(Data shown Opens)

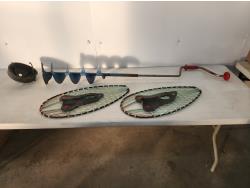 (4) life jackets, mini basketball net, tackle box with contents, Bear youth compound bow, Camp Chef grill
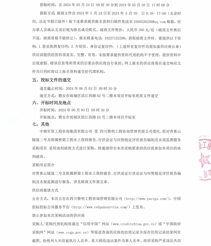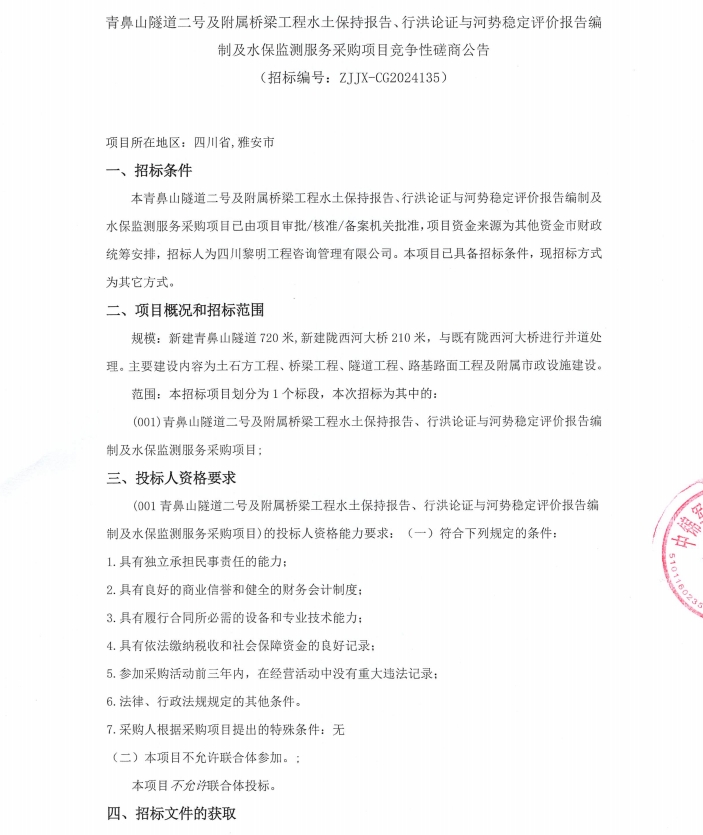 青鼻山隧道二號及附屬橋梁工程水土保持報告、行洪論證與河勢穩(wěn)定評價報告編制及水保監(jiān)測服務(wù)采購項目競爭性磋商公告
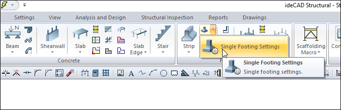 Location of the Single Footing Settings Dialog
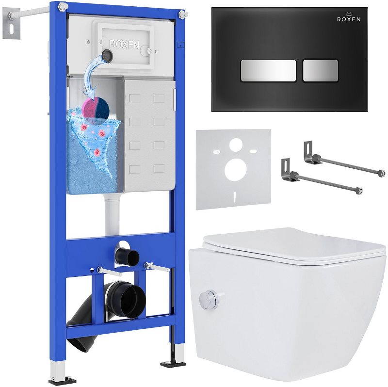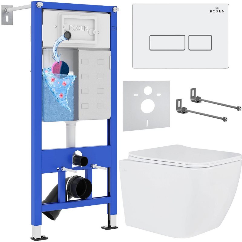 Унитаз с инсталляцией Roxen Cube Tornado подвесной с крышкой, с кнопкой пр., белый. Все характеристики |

(Data shown Closes)

> [Exercise brief]:
Please write out the whole listing exactly, but not the pictures in it.

> [Answer space]:
 (4) life jackets, mini basketball net, tackle box with contents, Bear youth compound bow, Camp Chef grill
 青鼻山隧道二號及附屬橋梁工程水土保持報告、行洪論證與河勢穩(wěn)定評價報告編制及水保監(jiān)測服務(wù)采購項目競爭性磋商公告
 Location of the Single Footing Settings Dialog
 Унитаз с инсталляцией Roxen Cube Tornado подвесной с крышкой, с кнопкой пр., белый. Все характеристики |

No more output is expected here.